Although the data below contains pictures, output only the lines between those holding "No dia 31 de" and "- Futterstoff 2: 30", inclusive, exactly and without those pictures.
☆ ☆ ☆ ☆ ☆ ☆ ☆
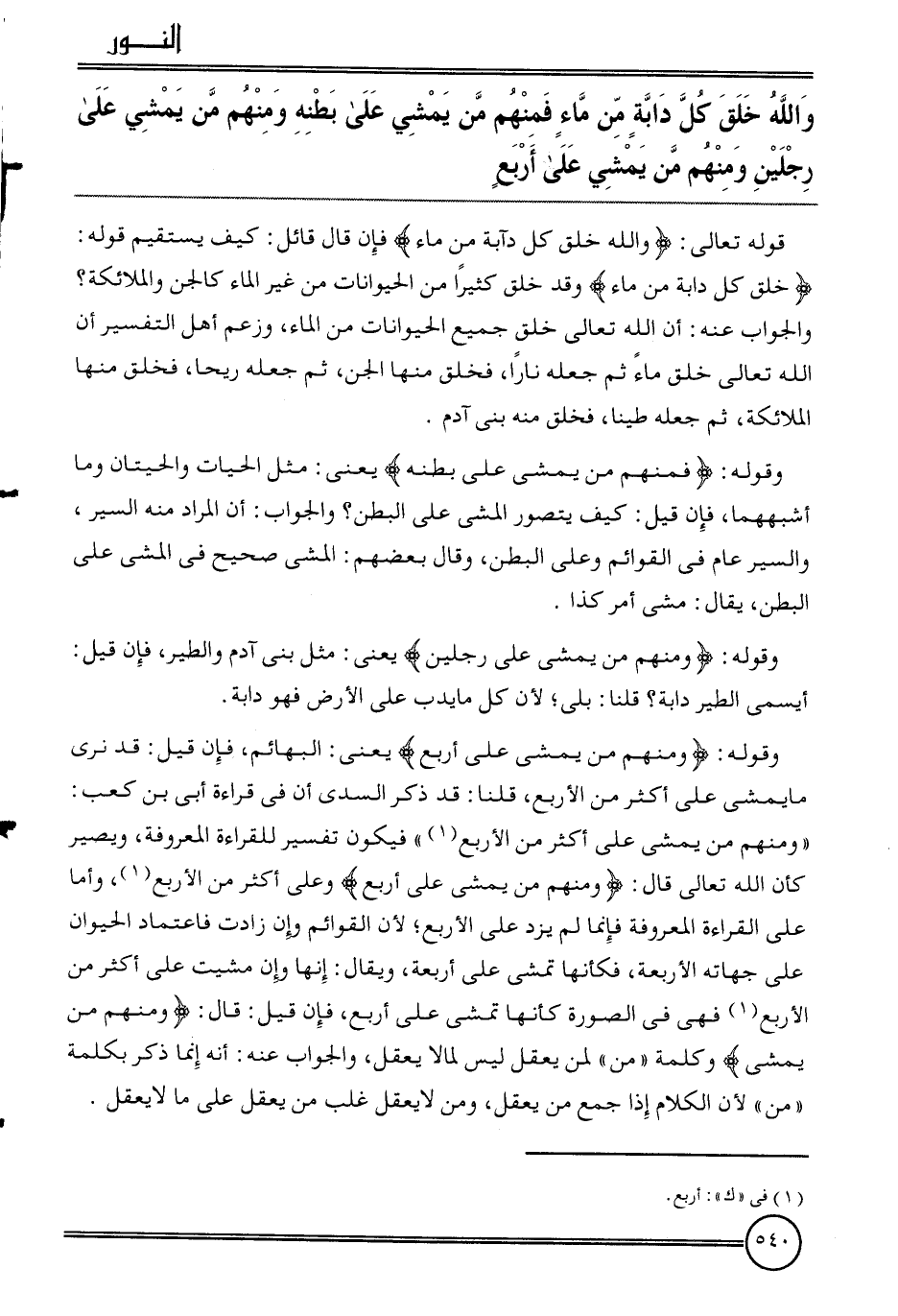 {وَالله خلق كل دَابَّة من مَاء فَمنهمْ من يمشي على بَطْنه وَمِنْهُم من يمشي على رجلَيْنِ وَمِنْهُم من يمشي على أَربع}
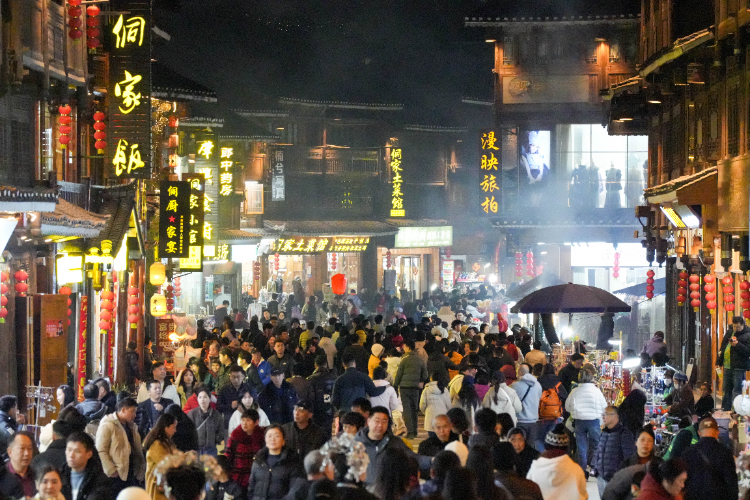 2026年2月19日,游客在貴州省黎平縣肇興侗寨游玩。新華社發(fā)(龍建睿攝)
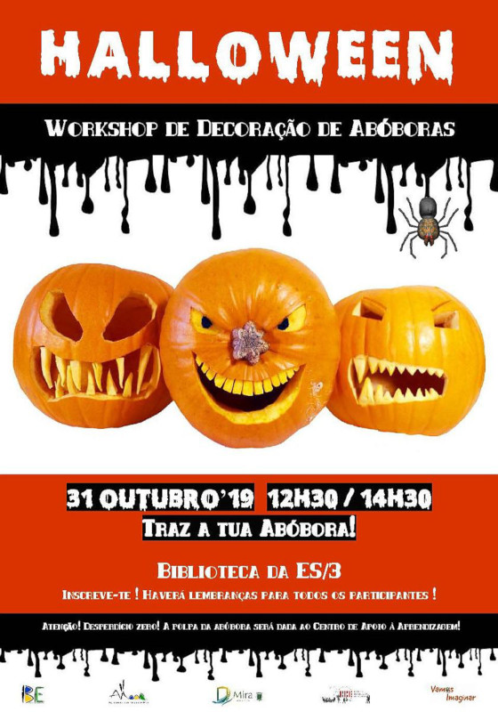 No dia 31 de outubro, das 12h30 às 14h30, as professoras Guida Alegrio, Zélia Mouro e Rosário Figueiredo dinamizarão um workshop de decoração de abóboras de Halloween na Biblioteca da ES/3 Dr.ª Maria Cândida.
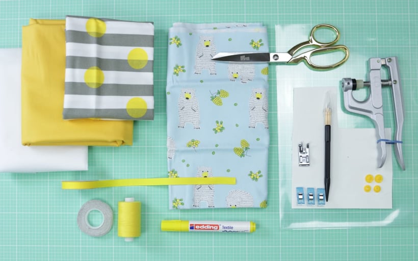 - Futterstoff 2: 30 x 70 cm Canvas oder feste Baumwollwebware in Gelb
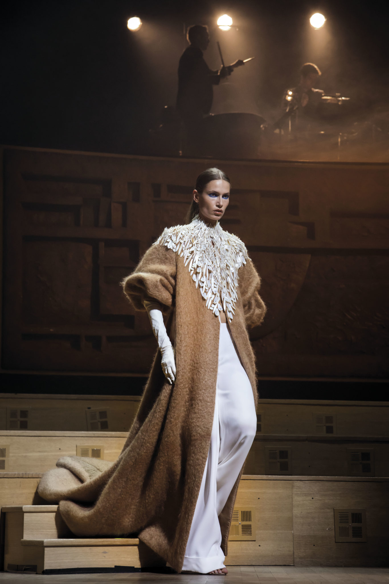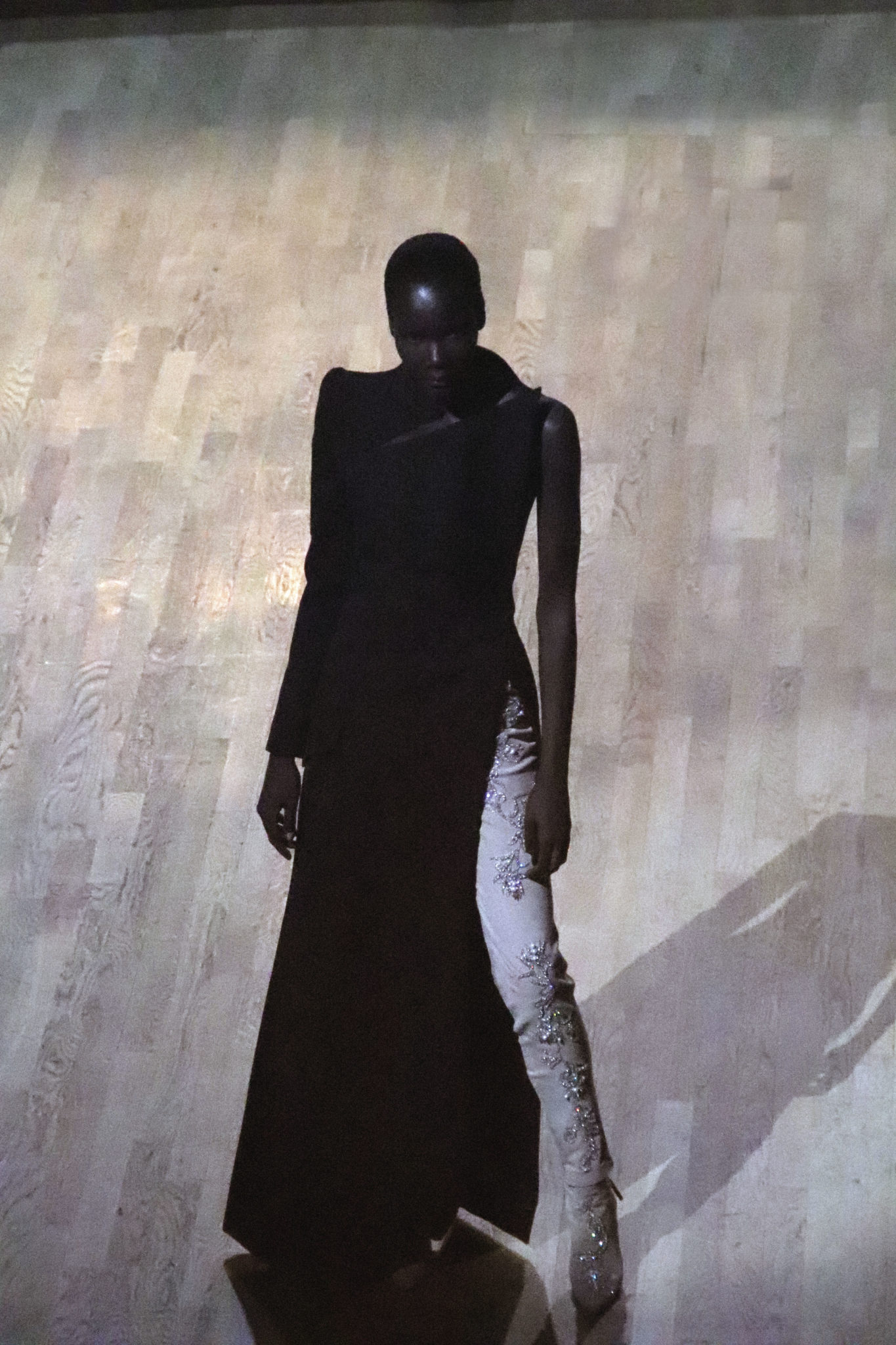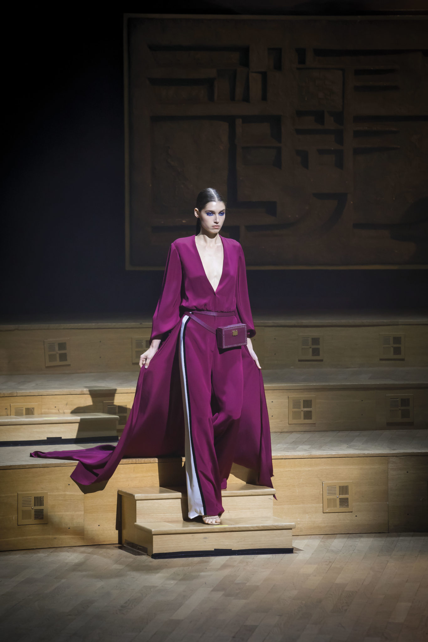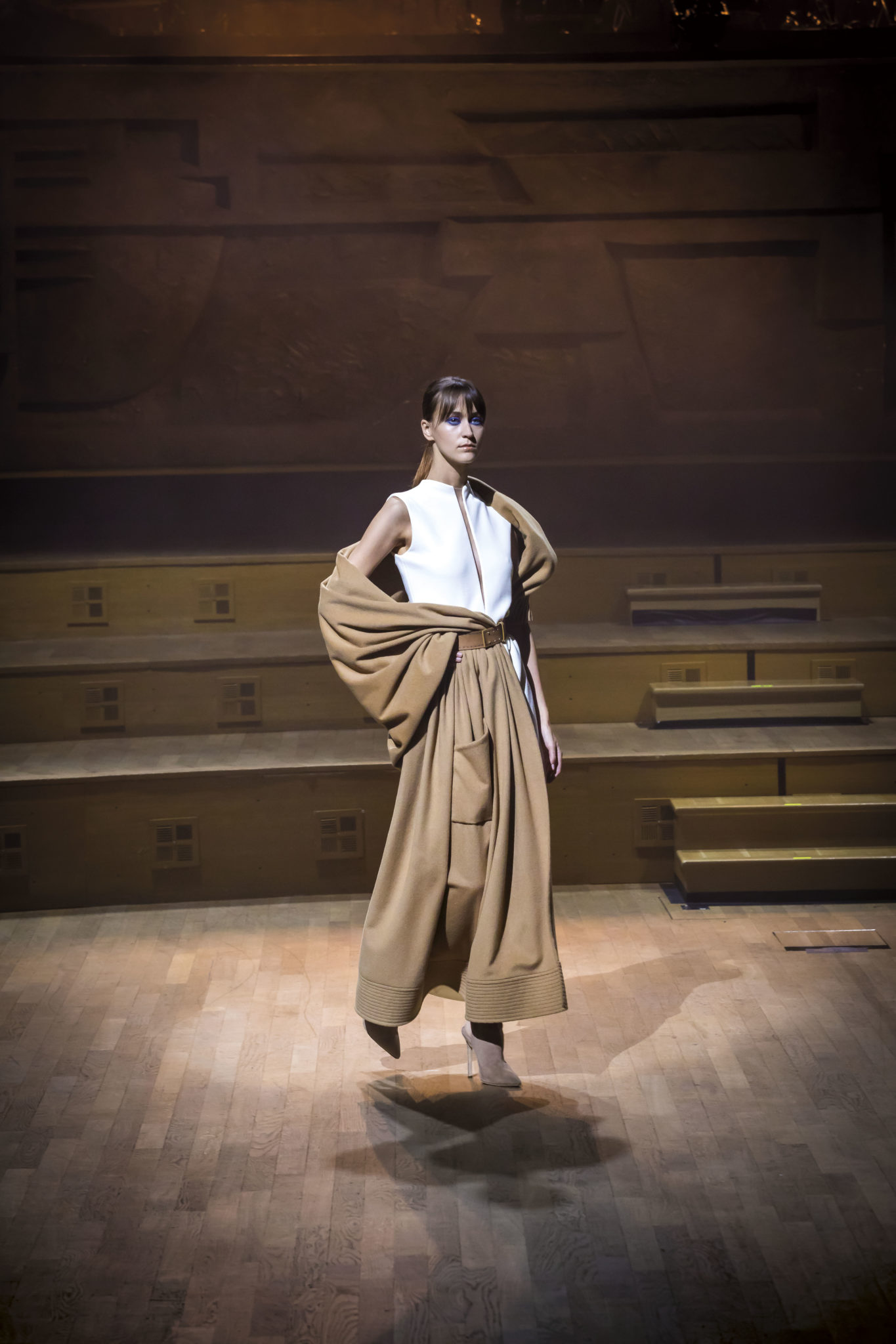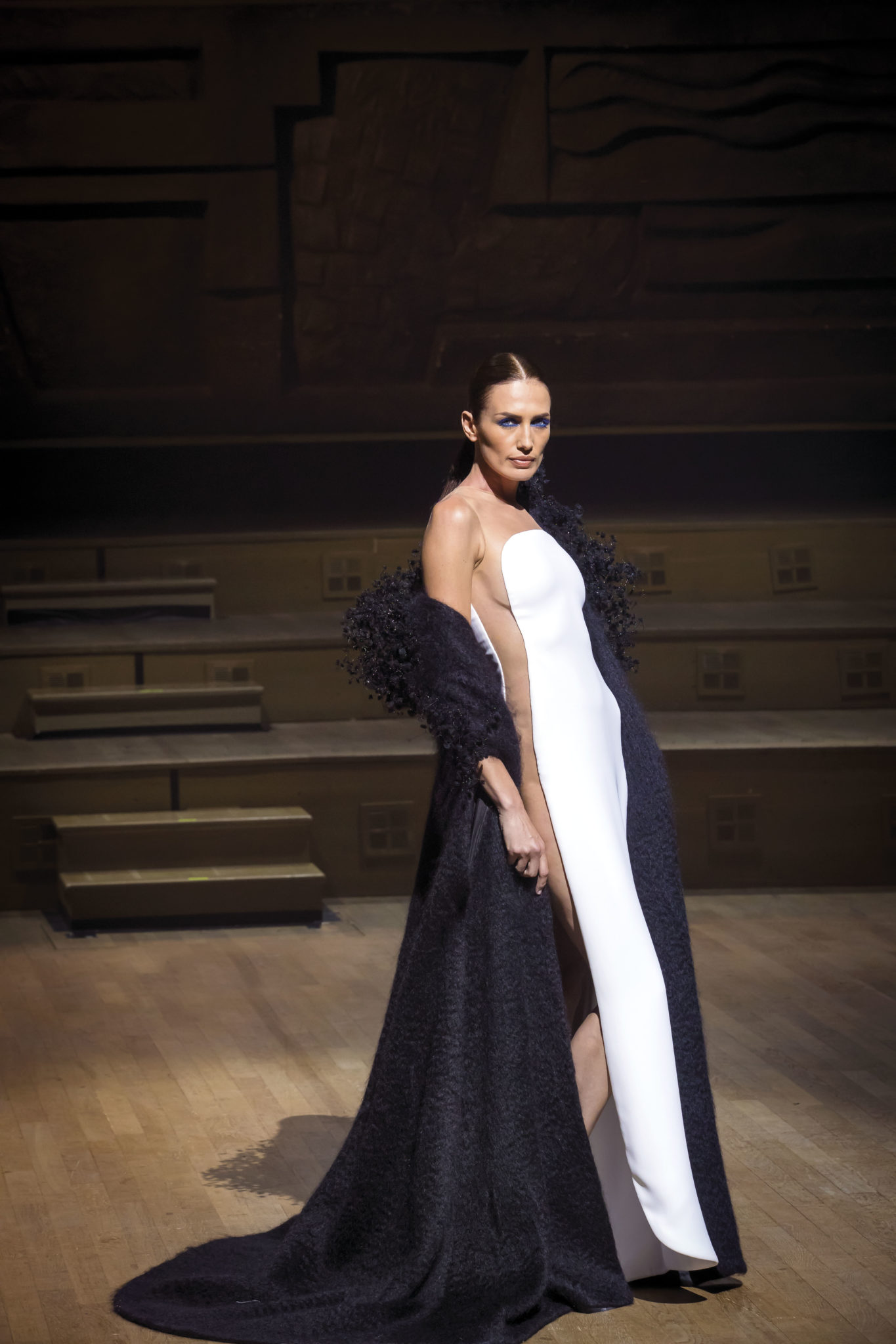 Un hiver comme un long voyage. Un nomadisme où les racines culturelles et artistiques pérennisent une esthétique nouvelle. Deux maître-mots : ergonomie et opulence. Une prestance naturelle détachée de toutes contraintes. Le mouvement est libéré et généreux. Confort et sensualité, les matières sont riches et sensorielles. Larges combinaisons-pyjamas en drap de soie, bombers en jersey à cols de cachemire, demitailleur en vigogne porté en écharpe, robe-gilet enroulée en crêpe de cachemire, manteau maxi en mohair tabac brodé de nacre, pull en daim brodé de cristal et gandoura et voile de cachemire… La sensualité des matières s’harmonise à la générosité des volumes. Les jambes, gainées de daim brodé de parures anciennes, comme un tatouage précieux, et rompent l’équilibre de grandes robes de bal en doupion. Un accessoire, le sac écrin, réalisé par le maître gainier Philippe Martial, se porte en ceinture et en manchette. Enfin, raffinement ultime : posés sur des cols de cuir, quatre parures et un diadème d’exception sont signés Boghossian
☆ ☆ ☆ ☆ ☆ ☆ ☆
### Output below
 No dia 31 de outubro, das 12h30 às 14h30, as professoras Guida Alegrio, Zélia Mouro e Rosário Figueiredo dinamizarão um workshop de decoração de abóboras de Halloween na Biblioteca da ES/3 Dr.ª Maria Cândida.
 - Futterstoff 2: 30 x 70 cm Canvas oder feste Baumwollwebware in Gelb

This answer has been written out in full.